As mentioned previously, the model we have produced to predict zoo mammals’ response to visitor presence is a first iteration and should not be treated as definitive, especially as our sample size is small. In all areas of research when producing predictive model, it is necessary to have a first iteration, which with other studies will be modified so that future iterations will be more accurate in their predictions. We hope that this model will now be subject to testing and modification by other researchers. Comparative studies such as this are important as they illuminate the different underlying factors that can affect the response being measured. However, for a complete investigation concerning the zoo visitors’ effect, many other possibilities can be approached. For example, it would be necessary that other groups of animals besides mammals be studied such as birds and reptiles. Another proposal is to investigate nocturnal animals during their time of activity to thereby make an appropriate analysis of their welfare and responses to the public. Some zoos offer nocturnal visits where this kind of study could take place or species in zoos with nocturnal houses could be studied.

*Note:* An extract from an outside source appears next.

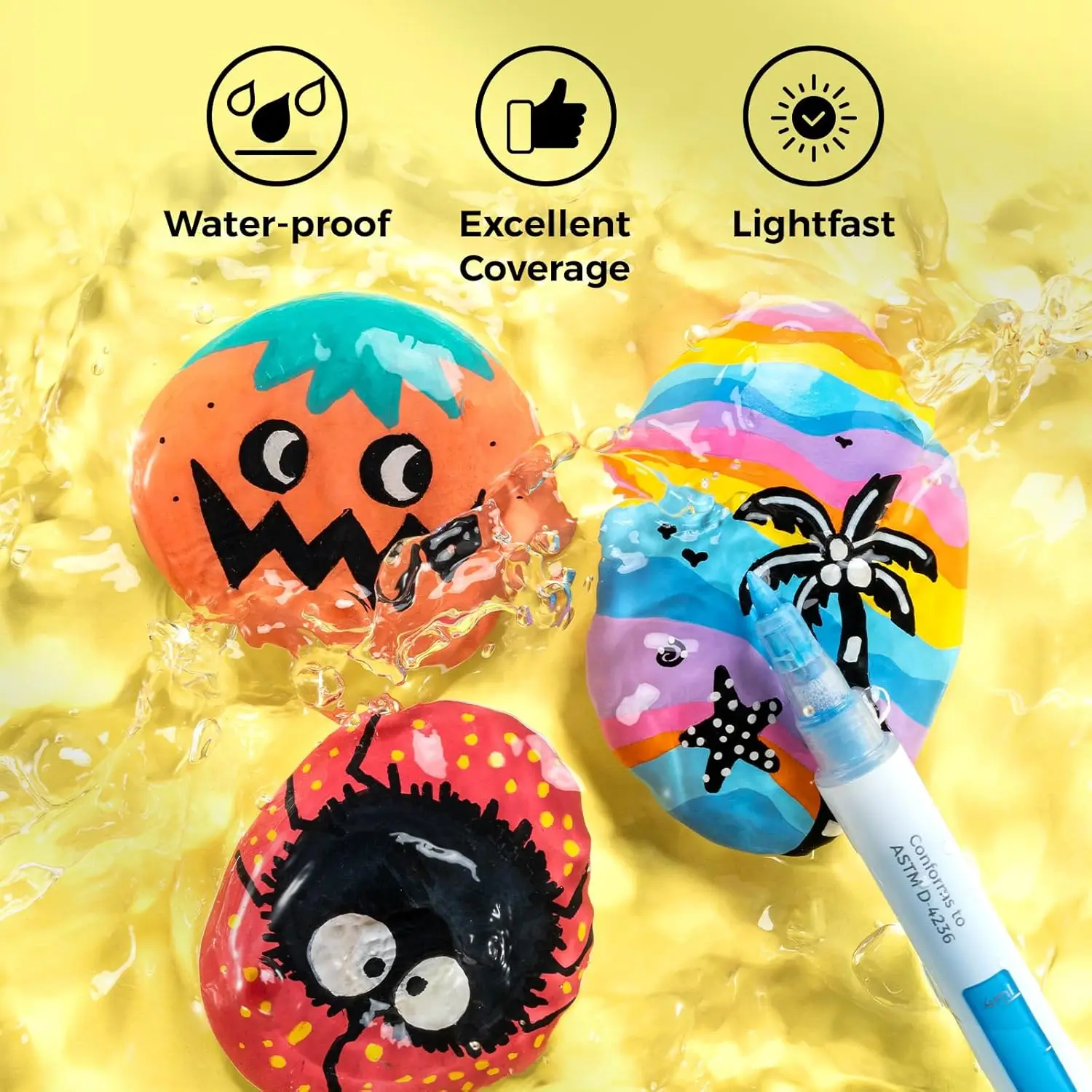 Ohuhu Pennarelli per vernice acrilica 48 Penne per vernice Punta reversibile Pennarelli acrilici impermeabili per pittura su roccia Uovo di Pasqua Legno Plastica

During the study, it was not possible to analyse the behaviour of animals in absence of public, because even with the presence of the researcher, there was a person present. A study that could be done is to compare differences in behavioural repertoires of animals in presence of visitors and total absence of them. For this, the proposal is to use video cameras located in the enclosures of the animals to record behaviours without an audience presence. For future research, quantified sound measurements with specific equipment should be made to investigate the quantitative difference between quiet and loud visitors.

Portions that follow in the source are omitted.